NEW YORK (AP) — A type of bankruptcy protection filing that made it easier for small businesses to seek relief has expired, which will complicate filing for small businesses with more than $3 million in debt.
The filing type, known as Subchapter V, is cheaper and less time-consuming than the traditional Chapter 11 bankruptcy filing.
The rule went into effect in 2020 as part of the Small Business Reorganization Act. It let small businesses with less than $2.75 million in debt file under the subchapter.
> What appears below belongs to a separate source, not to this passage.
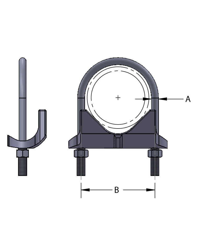Designed for anchoring pipe or conduit at a right angle to structural members.
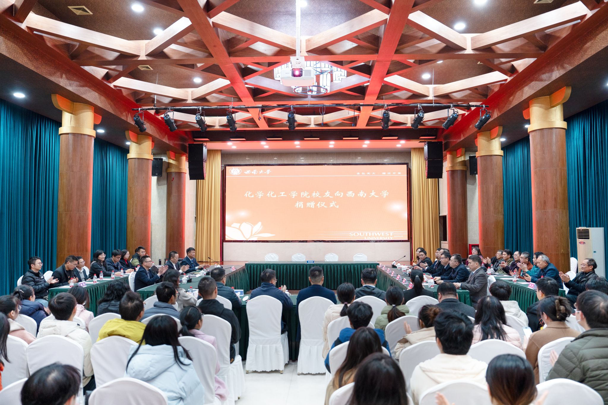 12月5日下午,化学化工学院校友向Beat365中国唯一官方网站捐赠仪式在东方红会议厅举行。聚慧食品科技(重庆)有限公司董事长苟中军、上海美农生物科技股份有限公司质量总监孙磊(代表洪伟校友)、江苏慧聚药业股份有限公司研发副总胡林(代表邹平校友)一行返校捐赠;学校校长、校友总会会长王进军,副校长廖晓衡出席仪式;党政办公室、对外联络办公室、化学化工学院等单位负责人及师生代表参加。仪式由廖晓衡主持。

That debt limit was extended to $7.5 million in March 2020 amid the pandemic for one year — and that was extended two more times.
A bill to make the debt limit permanent failed, so the debt threshold reverted to $3 million (the original debt limit adjusted for inflation), on June 21.
Subchapter V filing imposes shorter deadlines for filing reorganization plans, allows for greater flexibility in negotiating restructuring plans with creditors and doesn’t require the payment of U.S. Trustee quarterly fees. A trustee is appointed for each case and the trustee works with the small business debtor and creditors to facilitate a reorganization plan.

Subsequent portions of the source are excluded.